- Born: Marina Sastrowardoyo 24 March 1959 (age 66) Jakarta, Indonesia
- Occupations: artist photographer
- Spouse: Iwan V. Joesoef
- Children: Marwan Arie Joesoef Nurfahd S. Joesoef Tiara R. Joesoef
- Father: Dr. Sumarsono Sastrowardoyo

= Marina Joesoef =

Indonesian artist

Marina Joesoef — born Marina Sastrowardoyo 24 March 1959 in Jakarta, Indonesia — is an Indonesian artist. She is a painter having recent exhibitions in Jakarta and Kuala Lumpur, Malaysia. She is also known as Marina Joesoef Sastrowardoyo, though Joesoef is her married surname.

In the early 1960s, Marina joined her parents and brothers to live in Los Angeles and Leiden, Netherlands, where her father, Dr. Sumarsono Sastrowardoyo, studied urology for six years, including a stint at University of California, Los Angeles. Marina attended schools in Santa Monica and Leiden.

After returning home to Indonesia, in 1976 she participated in a Miss Teen pageant organized by Gadis magazine and won the first prize.

==Family==
Ms. Joesoef is the eldest daughter of Dr. Sumarsono Sastrowardoyo, a physician, surgeon and memoirist, and the late Ina Sastrowardoyo.

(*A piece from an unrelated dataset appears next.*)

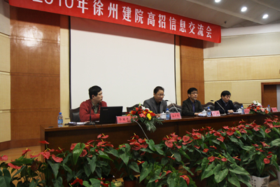 徐州市招生办公室主任宋广良、我校副院长季翔分别致辞,我校副院长张登宏主持会议,招就处处长华国平分别从我校历史与现状、办学条件与办学规模、师资队伍与教学能力、教育教学改革与专业课程建设、校企合作与社会服务、学生教育管理、招生就业工作等方面进行了全面汇报。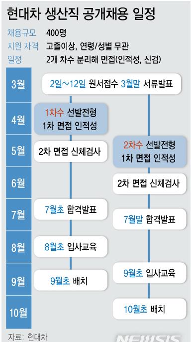 -현대차 생산직 채용일정은 3월 원서접수를 시작하여, 2차례의 면접을 거쳐, 7월초에 합격자발표를 한다.

An older brother, Ariawan Sastrowardoyo, died in 1995. Another brother, Dr. Aswin W. Sastrowardoyo, is a physician who was formerly a guitarist and vocalist with the music group Chaseiro from 1979 to 1983, and a younger sister, Lisa Damayanti Sastrowardoyo (b. 1962).

The actress Dian Sastrowardoyo is a niece of Ms. Joesoef.

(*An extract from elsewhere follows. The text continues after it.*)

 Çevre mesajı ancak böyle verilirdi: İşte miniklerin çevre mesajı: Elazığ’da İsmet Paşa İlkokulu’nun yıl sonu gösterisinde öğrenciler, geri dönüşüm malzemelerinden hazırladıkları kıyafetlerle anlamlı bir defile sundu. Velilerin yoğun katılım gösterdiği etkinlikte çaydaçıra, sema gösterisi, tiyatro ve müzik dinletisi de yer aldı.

She was married to the late Mr. Iwan V. Joesoef, a businessman, and has two sons Marwan Arie Joesoef (born 26 May 1976), Nurfahd S. Joesoef (born 4 March 1979) and one daughter Tiara R. Joesoef (born 5 July 1999).

Her paternal grandfather, Sutejo Sastrowardoyo, traced the family's ancestry back 18 generations to 15th century Java.

==Languages==
Ms. Sastrowardoyo is fluent in Dutch and English, as well her native Javanese and Indonesian.